Within the entries below, output exactly the lines between the line containing "黑色屋檐白墙上四方形中式古建筑镂空花窗" and the line containing "低速行驶警告有3种音效,不能", inclusive, and omit any picture.

=== AVAILABLE RECORDS ===

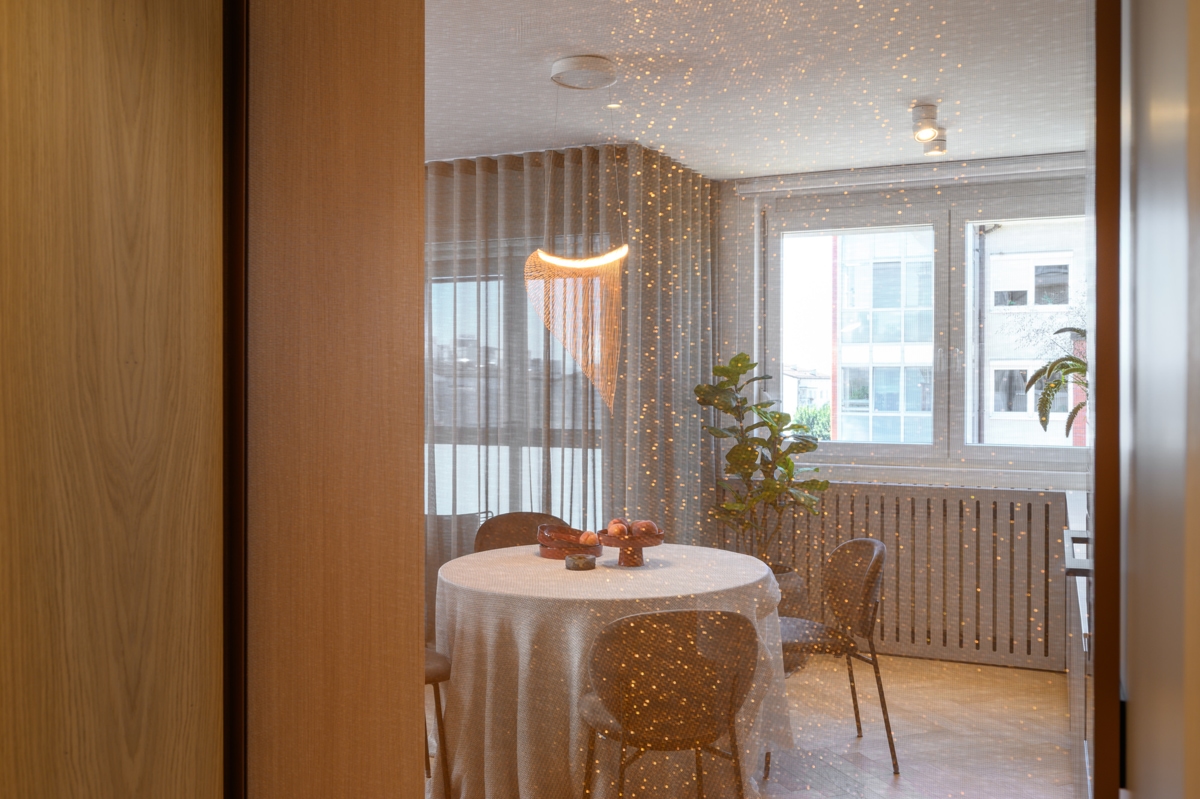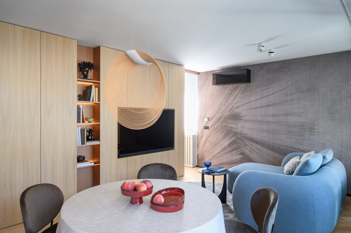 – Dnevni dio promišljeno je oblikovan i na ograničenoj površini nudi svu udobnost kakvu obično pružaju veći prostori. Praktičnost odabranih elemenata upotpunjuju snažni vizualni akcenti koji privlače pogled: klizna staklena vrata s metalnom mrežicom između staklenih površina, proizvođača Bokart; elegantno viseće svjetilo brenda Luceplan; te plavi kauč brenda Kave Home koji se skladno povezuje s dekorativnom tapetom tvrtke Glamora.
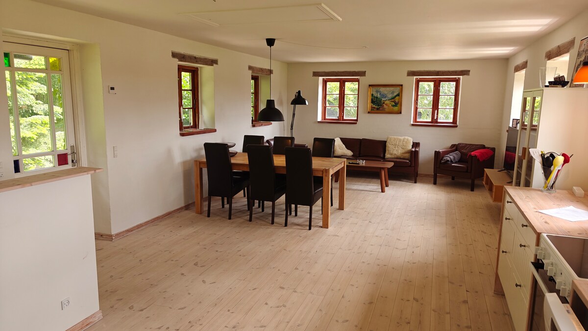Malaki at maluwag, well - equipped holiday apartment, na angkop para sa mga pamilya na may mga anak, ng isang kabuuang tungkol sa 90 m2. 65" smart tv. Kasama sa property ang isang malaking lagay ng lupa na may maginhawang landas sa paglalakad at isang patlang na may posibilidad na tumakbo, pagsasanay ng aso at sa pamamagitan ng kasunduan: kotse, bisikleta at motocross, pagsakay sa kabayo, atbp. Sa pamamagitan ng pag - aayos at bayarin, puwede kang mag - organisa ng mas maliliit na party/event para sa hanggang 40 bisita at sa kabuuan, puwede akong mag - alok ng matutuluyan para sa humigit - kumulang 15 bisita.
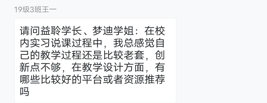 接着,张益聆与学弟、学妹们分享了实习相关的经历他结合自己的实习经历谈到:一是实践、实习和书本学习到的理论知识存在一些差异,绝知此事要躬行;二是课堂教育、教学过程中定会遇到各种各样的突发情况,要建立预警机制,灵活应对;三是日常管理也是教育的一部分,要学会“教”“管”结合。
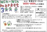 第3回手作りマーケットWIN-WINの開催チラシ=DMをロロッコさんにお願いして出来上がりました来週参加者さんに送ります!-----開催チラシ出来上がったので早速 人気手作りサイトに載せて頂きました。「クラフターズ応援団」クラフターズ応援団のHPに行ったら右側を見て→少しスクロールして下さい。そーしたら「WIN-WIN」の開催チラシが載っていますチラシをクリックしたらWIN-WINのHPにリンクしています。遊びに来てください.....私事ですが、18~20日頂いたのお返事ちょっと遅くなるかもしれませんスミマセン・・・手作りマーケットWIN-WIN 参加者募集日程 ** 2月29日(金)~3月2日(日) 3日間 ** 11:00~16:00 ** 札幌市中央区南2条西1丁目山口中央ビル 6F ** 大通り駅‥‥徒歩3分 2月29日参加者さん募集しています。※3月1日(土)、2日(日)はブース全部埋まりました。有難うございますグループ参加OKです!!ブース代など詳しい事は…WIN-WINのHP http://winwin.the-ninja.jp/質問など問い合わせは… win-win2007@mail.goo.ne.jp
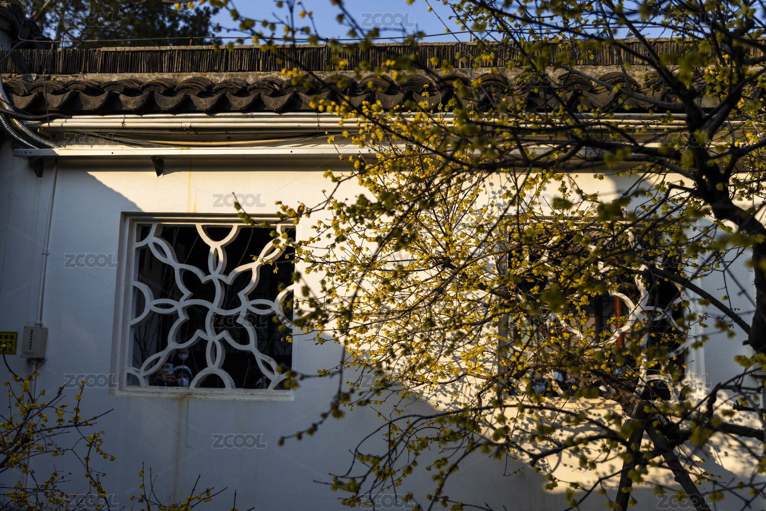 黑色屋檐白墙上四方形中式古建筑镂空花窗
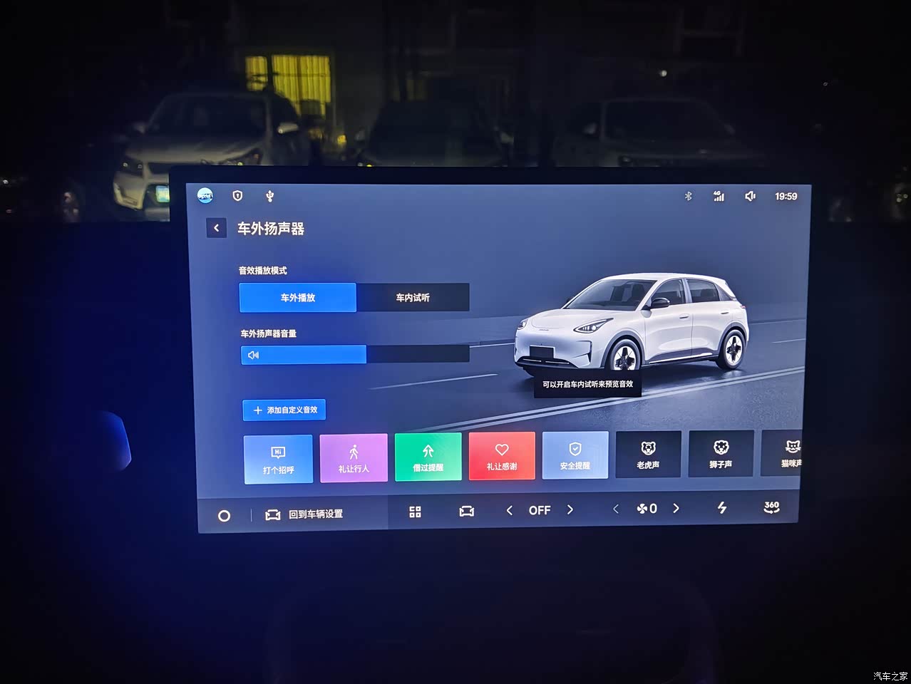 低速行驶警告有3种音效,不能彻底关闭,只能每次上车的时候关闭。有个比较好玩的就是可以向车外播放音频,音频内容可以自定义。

===
=== AVAILABLE RECORDS ===

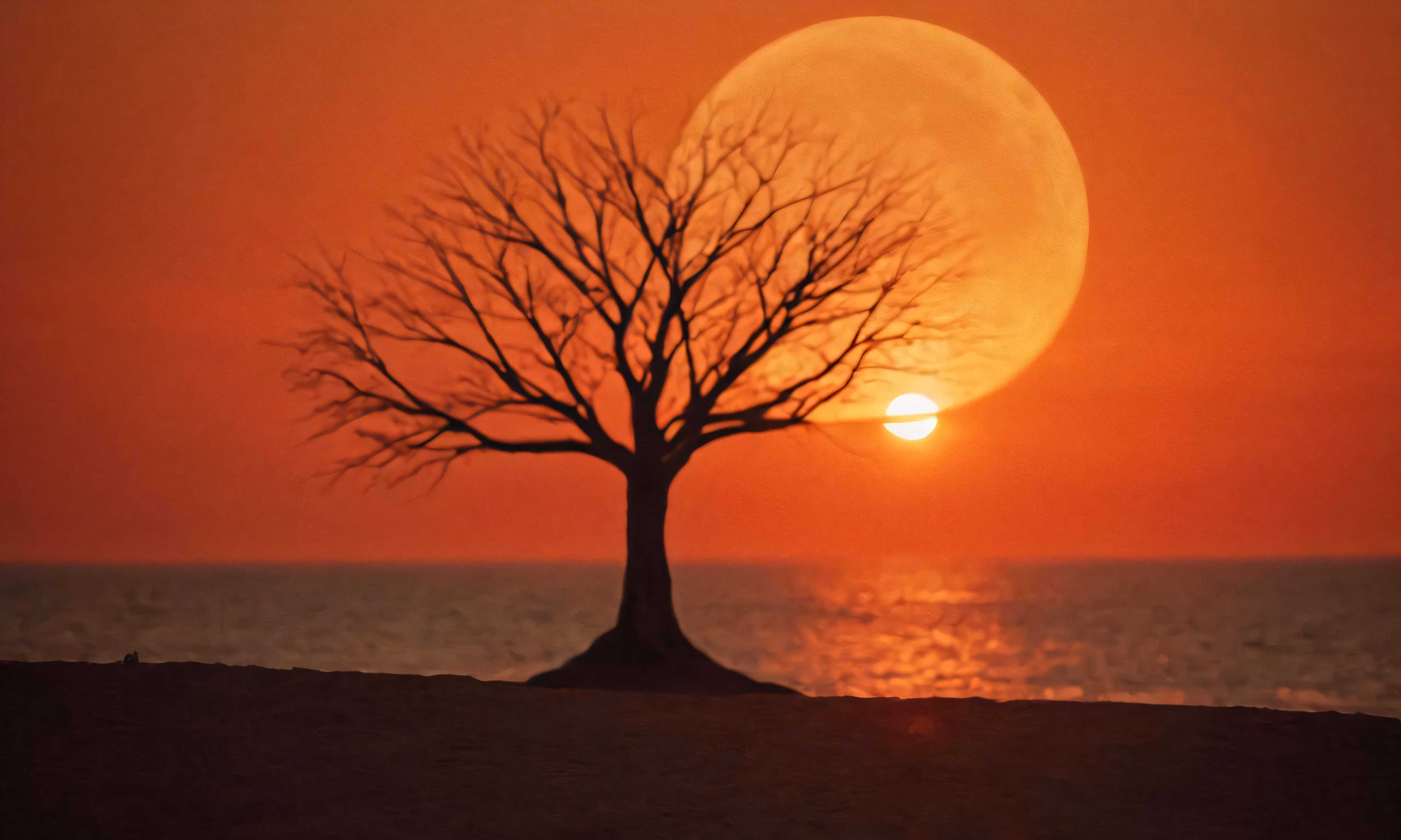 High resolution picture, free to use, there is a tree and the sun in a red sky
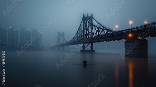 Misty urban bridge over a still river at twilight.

===

EXERCISE RESPONSE
 黑色屋檐白墙上四方形中式古建筑镂空花窗
 低速行驶警告有3种音效,不能彻底关闭,只能每次上车的时候关闭。有个比较好玩的就是可以向车外播放音频,音频内容可以自定义。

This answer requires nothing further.